0x0000000000000110 10 11 12 13 14 15 16 17-18 19 1a 1b 1c 1d 1e 1f "................"


One solution is to align all values somehow according to the last value (or address). How many hex digits we need to print the last (0x110) address? 3. So let's all addresses will be printed as 3-digit numbers.

To get exact number of hex digits, we just use binary logarithm.

$\lceil \frac{log_2(0x110)}{4} \rceil$

Why ceiling?
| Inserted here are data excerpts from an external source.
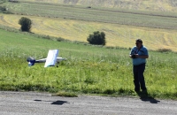 No, když jsem si s Commanderem zopakoval jak se řídí model a zbavil se trauma, že už jsem vše zapomněl a už jsem starej na to se to znova učit, přišla doba pořídit nový stroj. Model dodává Pelikán takřka hotový a je určen pro spalovací šestapůlku. Já jsem šel ještě dál a koupil jsem model komplet hotový na modelbazaru, s pohonem elektromotorem a vyrazil s ním do Bolešin. Při prvním přidání plynu při pojíždění jsem však škrtnul o travnatý povrch a úložná deska motoru z 2 mm překližky vzala za své. Novou jsem udělal z dvojky duralu. Model jsem vzal do Mýta a zálet svěřil Miloši Petrbokovi. Ten tak ochotně učinil, „děkuji“, no a já opět vyrazil do Bolešin. Když jsem chtěl znovu po letu nabít baterii, zjistili zkušenější kolegové, že je dost horká, a také poněkud nafouklá, takže bylo zase po lítání. V motorové přepážce jsem vyrobil pár chladicích otvorů. Baterka po vychladnutí trochu splaskla a tak jsem jí nabil a vyrazil opět na letiště. Motor ale moc netáhnul a navíc bylo dost slyšet proudění vzduchu kolem modelu. První jsem přičítal zničené baterce, druhé větracím otvorům. Příčina byla ale úplně jiná. Namontoval jsem obráceně vrtuli. Po její správné montáži létá model bez problémů cca 8 min s baterkou 2,6 Ah. Samozřejmě ne stále na plný plyn. Jedinou závadou dosud byl uražený podvozek při přistání do vysoké trávy, ale to spravil vteřiňák. Model v této konfiguraci létá k mé plné spokojenosti. Experti by zřejmě dali výkonnější motor a větší baterku, což není problém, model vozí vepředu deset deka olova.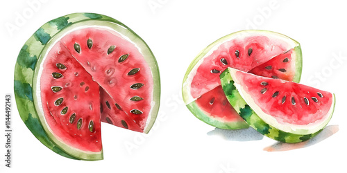 Watermelon Watercolor Illustration. Generative AI.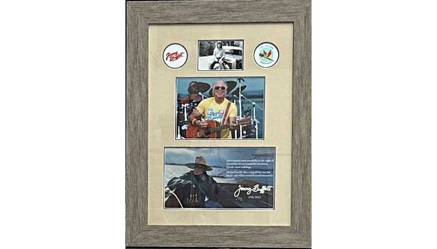 This framed tribute celebrates the legendary Jimmy Buffett, capturing the essence of his vibrant music and laid-back lifestyle that captivated millions. It's a must-have piece for any Parrothead looking to honor Buffett's enduring legacy. INCLUDES: - 25" X 32" framed tribute to Jimmy Buffet - Photo reads: "Jimmy passed away peacefully on the night of September 1st surrounded by his family, friends, music and dogs. He lived his life like a song till the very last breath and will be missed beyond measure by so many." - High quality framework - Shipping within the continental United States Location: Auburn, GA Details: Jimmy Buffet Tribute, Restrictions: Valid for shipping within the continental United States. Book within 9 months of purchase. Valid: Valid for shipping within the continental United States.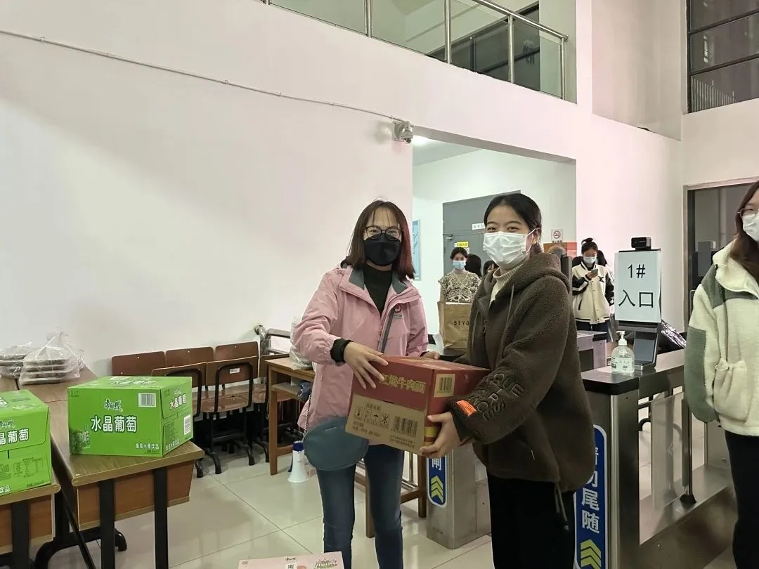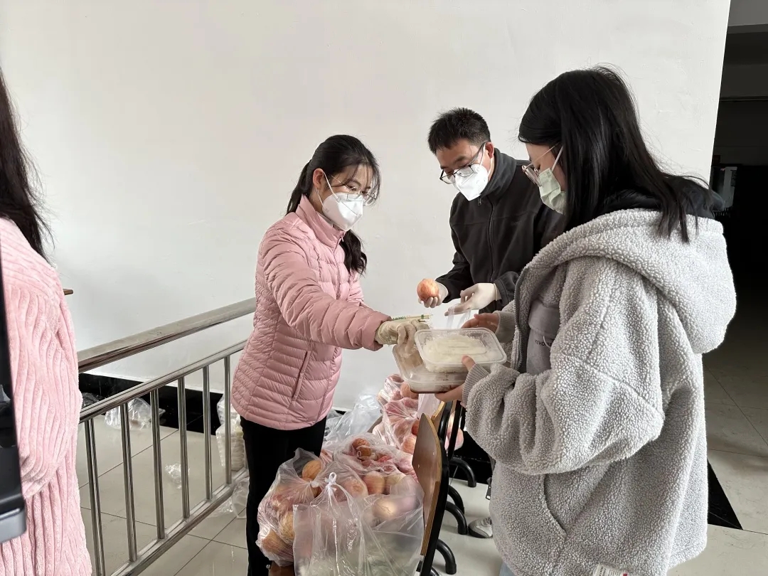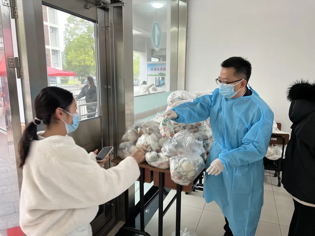 青年教师们在完成线上教学工作后,第一时间奔往抗疫一线,化身为穿梭于人海的白色或蓝色身影,开始核酸采样、装饭、搬运、分发,帮助同学们解决当前所急所困。“老师您好,我是一名考研学生,我们宿舍也有许多考研的资料没来得及拿,是否代取资料呢?”“老师您好,我突发肠胃炎,上吐下泻,可能需要就医,您能带我去吗?”众多纷杂的求助都得到了老师们及时的解决。

Say, the last address has 11 bits, and 11/4=2, but to print 11 binary digits, we want 3 hexadecimal digits. So the result of division must be "ceiled" to 3.

Now it's neat:

0x000 00 01 02 03 04 05 06 07-08 09 0a 0b 0c 0d 0e 0f "................"
0x010 10 11 12 13 14 15 16 17-18 19 1a 1b 1c 1d 1e 1f "................"
0x0e0 e0 e1 e2 e3 e4 e5 e6 e7-e8 e9 ea eb ec ed ee ef "................"
...
0x0f0 f0 f1 f2 f3 f4 f5 f6 f7-f8 f9 fa fb fc fd fe ff "................"
0x100 00 01 02 03 04 05 06 07-08 09 0a 0b 0c 0d 0e 0f "................"
0x110 10 11 12 13 14 15 16 17-18 19 1a 1b 1c 1d 1e 1f "................"


The code:

...
// http://stackoverflow.com/questions/11376288/fast-computing-of-log2-for-64-bit-integers
static const int tab64[64]=
{
63,  0, 58,  1, 59, 47, 53,  2,
60, 39, 48, 27, 54, 33, 42,  3,
61, 51, 37, 40, 49, 18, 28, 20,
55, 30, 34, 11, 43, 14, 22,  4,
62, 57, 46, 52, 38, 26, 32, 41,
50, 36, 17, 19, 29, 10, 13, 21,
56, 45, 25, 31, 35, 16,  9, 12,
44, 24, 15,  8, 23,  7,  6,  5
};

uint64_t uint64_log2 (uint64_t value)
{
value |= value >> 1;
value |= value >> 2;
value |= value >> 4;
value |= value >> 8;
value |= value >> 16;
value |= value >> 32;
return tab64[((uint64_t)((value - (value >> 1))*0x07EDD5E59A4E28C2)) >> 58];
}

unsigned division_ceil (unsigned x, unsigned y)
{
// https://stackoverflow.com/questions/2745074/fast-ceiling-of-an-integer-division-in-c-c
return (x + y - 1) / y;
};

void Log::hexdump(BYTE *buf, size_t size, size_t ofs)
{
unsigned fill_zeroes;
{
fill_zeroes=0;
}
else
{
fill_zeroes=division_ceil(binary_digits, 4);
};

...

out << "0x" << std::hex << std::setw(fill_zeroes) << (starting_offset + pos + ofs) << " ";
...


Now the code of my small logger library

Also, "Math-for-programmers" has more examples of logarithms.

Naive approach

I've found this is in a real code:

ostream & operator << (ostream & os, const FmtNat & fn) {
int64_t n = fn.num;
assert (n >= 0);                                              // 123456
if (n < 10)                    os << "     " << n;            // .....n
else if (n < 100)              os << "    " << n;             // ....nn
else if (n < 1000)             os << "   " << n;              // ...nnn
else if (n < 10000)            os << "  " << n;               // ..nnnn
else if (n < 100000)           os << " " << n;                // .nnnnn
else if (n < 1000000)          os << n;                       // nnnnnn
else if (n < 10000000)         os << n/1000          << "e3"; // nnnne3
else if (n < 100000000)        os << n/10000         << "e4"; // nnnne4
else if (n < 1000000000)       os << n/100000        << "e5"; // nnnne5
...


This is like reinvention of decimal logarithm.